I felt awkwardly like I was a little boy playing at being a host and he was being obliging and playing at being my guest, in an imaginary house and not a ship heading for the slave markets on the Nile, with all the old eagerness I really did used to have for those games. Hosting a guest is sacred. Our word for that is xenia —hospitality, but much more profound, a holy bond enforced by Zeus himself. We were a nation of wandering knights, far flung on raids years from home, and although the world would eventually turn, and there would be such things as inns and way-houses, there weren’t then. You asked for xenia at the door of a stranger, because it was that or starve on the road, and it took the most phenomenal leap of trust and courtesy to open that door, see a hulking scarred soldier outside, and say, Yes, come in . But that was the custom. People did it. We did. It was inviolate. Trust someone like that, and it lasts beyond your lifetime. Every so often, Helios had let someone stay with us, and they stayed in touch forever. Their children would stay in touch forever, and if I had children, they would too. We were all kin. I’d never done it in my own right, and part of me was twisted up with shame, because this, what I was doing now, felt like a deformed mockery of the real thing. We wouldn’t stay in touch. It wasn’t sacred. We were going to sell him into a horrible life that would probably be very short indeed.

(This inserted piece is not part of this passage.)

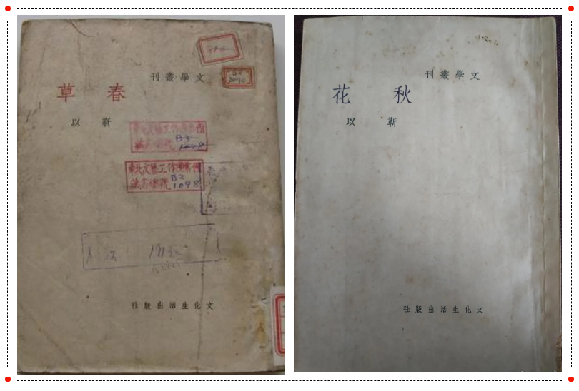 靳以的小說《秋花》和《春草》,是一對姊妹花?!肚锘ā妨腥氚徒鹬骶幍摹拔膶W叢刊”第二集,《春草》列入第八集,分別于1936年8月和1946年4月,由文化生活出版社初版。這是兩部連續性的中篇小說,《春草》是《秋花》的續集,小說中的人物是一致的,表達的主題也是一樣的。

Unless , said a voice that belonged to Helios, you make it real. It’s real if you decide that it is.

That would mean fighting for him and helping him escape, when the time came. That would mean being his, automatically and forever, in the way Helios had been mine.

I wanted to promise him that straightaway, but I was old enough to know it would be stupid to do that. Fighting for him would mean leaving my unit. However much they all hated me for now, they were still my unit, and duty is honour, and obedience is strength. They were everything I had left. To leave them behind, and the legion, and everything, for a boy I’d known for a few days—that was insane.

And right.

“It’s going to be all right,” I said, before I could think myself out of it. “I’ll look after you. I promise.”

It was such a small thing, but somewhere, behind the world, something went in a great ledger, and something mighty took notice.

What had I done? It was childish and impulsive and stupid was what it was, but—I’d said it now. I was bound for the rest of time. I should have been afraid, because what would happen when I couldn’t keep that vow, but I only felt glad. If I could keep it, if I could just be knight enough, then ... I’d have a family again. All at once I was lost in imagining a life away from the unit, wandering to different places for no reason except to see them, watching him pick up interesting pebbles on the shore, maybe fighting freelance when we needed money. Maybe we’d find a way to get him all the way back home, wherever that was, and maybe his mother would be a fine lady, with a beautiful feasting hall by the sea and room for another person, if I was quiet and dutiful. When he grew up to be lord of that place, I’d be there, serving, like knights are meant to do.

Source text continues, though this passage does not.